Btw, my son's doe Brown knee has triplets out of a Bo Bangles son. They are very nice.


----------



## Tenacross (May 26, 2011)

loggyacreslivestock said:


> Thanks Tim! That is all very good, sound advice. I do have several very different does. All but one have great teat structure. All have great pigment. However, some are just too narrow, or lightly muscled, and one is too moderate framed. One doe is really super, but she throws her front leg out when she walks. And one breaks behind her shoulders too much. I am trying to do as you said and match up bucks to does. Sometimes, though it is hard to tell what's real in pics. Being that we have only had goats for 2.5 years, I don't have a good data base of contacts yet. That is the biggest reason for this thread. I need to know who throws what and who throws faults like teats and pigment issues. Thanks for your input everyone! Hopefully we can add some more opinions.


It sounds like you have a good appreciation for your individual does. I totally agree with your statement that "it is hard to tell what's real in pics". Sometimes goats aren't as good as their pic and sometimes they can actually be better. I don't consider myself an expert, but I'm not afraid to give my opinion and share what I think to be true. So don't be afraid to ask me. If you hear of a buck that can consistently level top lines and "fix" "breaks behind her shoulders", let me know.


----------



## spidy1 (Jan 9, 2014)

What's your opinion on Lethal Injection and Code Red? I love Lethal's sire, Beau Duke, I don't know much about Red, what's your thoughts?


----------



## Tenacross (May 26, 2011)

spidy1 said:


> What's your opinion on Lethal Injection and Code Red? I love Lethal's sire, Beau Duke, I don't know much about Red, what's your thoughts?
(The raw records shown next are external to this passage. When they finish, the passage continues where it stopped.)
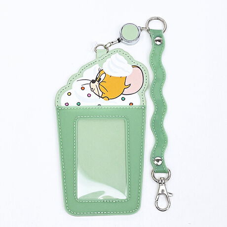 トムとジェリ―のメロンソーダのフローズンドリンクをイメージしたカードホルダーです。たっぷりのホイップクリームから顔を出したキャラクターのお顔がとってもキュート♪よく使うICカードを入れパスケースとして使用したり、トレカを入れて推し活アイテムにして使うのもおすすめ◎リール付きなので使い勝手も抜群です☆彡
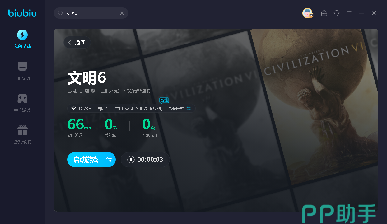 而且不同于其他的加速软件,里面会有大量的广告,biubiu的软件页面非常的干净整洁,玩家可直接在biubiu首页搜索文明6,找到对应的游戏,一键开启加速。详情界面还可看到当前的加速状态,能够直观的感受到biubiu带给我们的加速魅力,先加速再进入游戏,大家不但能感觉到人物画面更精致了,角色战斗也会更加流畅,同时玩家们如果想要联机体验也不用担心,biubiu会全程为我们保驾护航,有效的避免了网络掉线的情况发生。
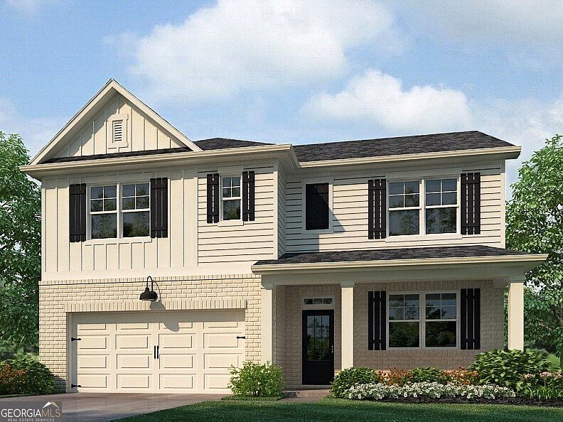 The Holloman Reserve community offers a close proximity to Highway 278 allowing easy access to Highways 78 and 120 and Interstate 20. Plenty of shopping and dining options are present in nearby Hiram, Powder Springs, Austell, and Lithia Springs, and both Wellstar Cobb and Wellstar Douglas hospitals are a quick drive away. This Hayden floorplan home features brick and stone elevations with Cemplank siding. 5 bedrooms and 3 bathrooms with a large great room and flex room. Revwood flooring and crown molding throughout main. Family room features a fireplace. Kitchen boasts exquisitely crafted cabinets with decorative hardware, granite countertops, subway tile backsplash, and stainless-steel appliances. Photos for illustrative purposes only- not of actual home.
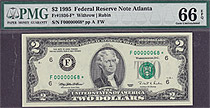 Fr.-1936* 1995 $2 Atlanta Ser. F00000082* PMG-66EPQ
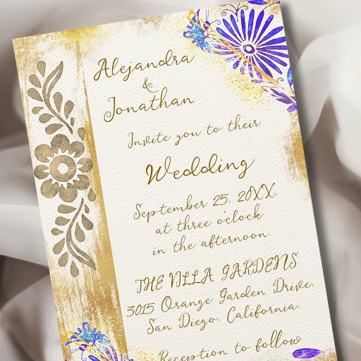 Convite Blue & Gold Mexican Otomi Baroque Elegant Wedding
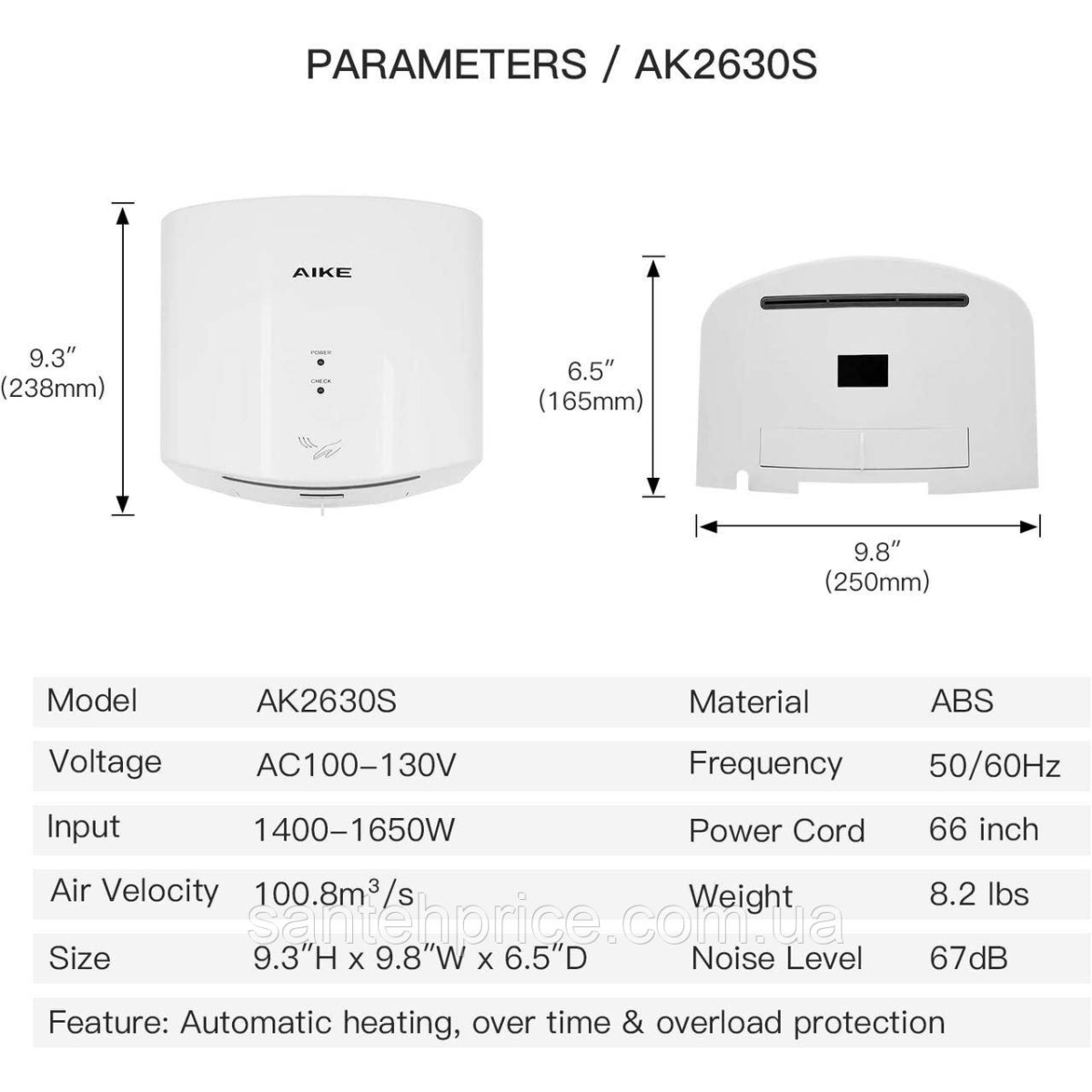 Сушка для рук ТУРБО AIKE в пласт. корпусі 1400WT біла AK2630 KW (White)

I'm not sure if you are talking to me or not, but a Lethal Injection, by Beau Duke, shows up on the ABGA website. I'm not really familiar with that breeding, but that doesn't make it bad. I found a picture of Lethal Injection and I personally don't like him very much. Tripi Code Red would be 11 years old, if he's still alive. He appears to be an "old school" looking red buck. Neither buck is what I'm looking for, but other opinions may vary.


----------



## RaineyDayFarms (Oct 10, 2013)

Tenacross- If you don't mind me asking, who did you get your ruger reloaded straws from? I've seen him on the Bosque Valley site, but didn't see anything anout selling any.


----------



## Tenacross (May 26, 2011)

RaineyDayFarms said:


> Tenacross- If you don't mind me asking, who did you get your ruger reloaded straws from? I've seen him on the Bosque Valley site, but didn't see anything anout selling any.


I traded 3 straws of AABG Status Quo for 3 straws of CSB Ruger Reloaded with RNSH Boer Goats. Ruger Reloaded is getting hard to find as CSB is getting out of the business. If I still wanted some, I would contact CSB and ask if they have any left themselves.


----------



## RaineyDayFarms (Oct 10, 2013)

Ok, not a bad trade. Thanks


----------



## loggyacreslivestock (Mar 5, 2013)

I agree- Lethal Injection looks a bit shallow in the heart girth and too leggy for me. I have seen some nice Code Red does, and some not so nice does/ bucks. He seems thick, but maybe a bit short. He has a bit too much loose skin around the neck. I would like more neck extension. And I can't decide if he drops too much at the hip or not...


----------



## spidy1 (Jan 9, 2014)

Thanks for your input, for my girls I need one that is somewhat tall and super thick and deep, maybe a longer neck, is there any you would suggest?


----------



## Crystal (Jan 20, 2013)

I do not know Boer lines. I know of a Nigerian Dwarf breeder that has some that came with the tank. (10335338) Sweet EWF V1, (10142992) CCBG Rojo (he is a Mojo Magic Grandson) (10165231) CCBG Outlaw (he is enobled) She is not sure about registration or info on them.


----------



## Tenacross (May 26, 2011)

spidy1 said:


> Thanks for your input, for my girls I need one that is somewhat tall and super thick and deep, maybe a longer neck, is there any you would suggest?


Do you live in Arizona? Are you looking for a live buck to breed to, or looking for AI straws?


----------



## spidy1 (Jan 9, 2014)

Yes AZ, I'm thinking AI, but I'm not against live coverage, it can't be this year, she's prego already, I'm trying to better my replacement doelings then breed them to my buck, you have one in mind?


----------